La victoire ne fut pas seulement militaire. Le nazisme et le fascisme avaient été vaincus, et les démocraties occidentales présentèrent ce dénouement comme la confirmation d'une idée : aucun État ne devait plus jamais placer la volonté d'un chef, d'une race, d'une nation ou d'une doctrine au-dessus de la liberté et de la vie humaine. La Charte des Nations unies, approuvée en juin 1945, et la Déclaration universelle des droits de l'homme, adoptée trois ans plus tard, tentèrent de transformer cette promesse en un ordre international.

L'Union soviétique avait consenti un sacrifice humain décisif pour vaincre l'Allemagne nazie, mais elle ne prétendit jamais incarner la démocratie libérale. La contradiction qui traverserait l'après-guerre appartint surtout aux vainqueurs occidentaux : les États-Unis, le Royaume-Uni et la France proclamaient la liberté politique, le pluralisme et les droits individuels tout en maintenant, en soutenant ou en tolérant des systèmes qui niaient ces mêmes principes au-delà de leurs frontières.

Quatre-vingt-un ans après la capitulation japonaise, cette incohérence demeure essentielle pour comprendre le monde né en 1945. La victoire sur le fascisme produisit des démocraties plus solides et une paix extraordinaire entre les grandes puissances occidentales. Mais elle n'abolit ni la domination, ni la torture, ni le droit que certains États s'arrogeaient de décider quels peuples méritaient la liberté et lesquels pouvaient être sacrifiés au nom de l'ordre.

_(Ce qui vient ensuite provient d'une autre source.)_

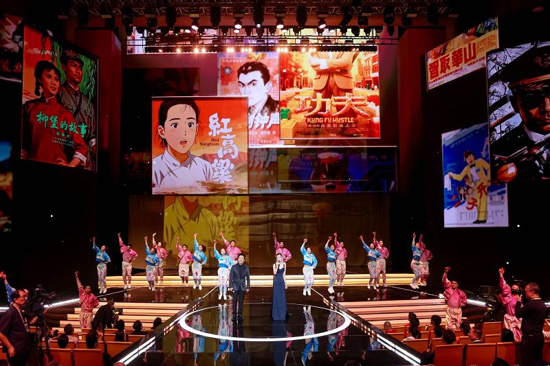開幕式上,演員黃渤、周冬雨點亮金雞。據悉,今年開幕式的「點亮金雞」環節採用中國國內少見的超大飛幕裝置,回歸電影銀幕概念,並讓120幅人工智能生成的經典電影專屬海報在屏幕上浮現,匯成中國電影發展的壯闊圖景。

La démocratie pour le centre

Le système bâti après la guerre obtint des résultats qu'il serait absurde de nier. Les États-Unis évitèrent de répéter le châtiment infligé à l'Allemagne après la Première Guerre mondiale. Le plan Marshall contribua à reconstruire l'Europe occidentale ; les institutions issues de Bretton Woods organisèrent l'économie internationale ; et l'OTAN fit de la défense d'une grande partie du continent un engagement collectif adossé à la puissance américaine.

La République fédérale d'Allemagne devint une démocratie prospère. Le Japon, soumis pendant l'occupation à de profondes réformes politiques et institutionnelles, passa de la dévastation au rang de deuxième économie du monde. Des pays qui s'étaient combattus pendant des générations formèrent la Communauté européenne du charbon et de l'acier et, avec le temps, l'Union européenne. Au centre du nouveau système, la guerre entre anciennes puissances rivales cessa de paraître inévitable.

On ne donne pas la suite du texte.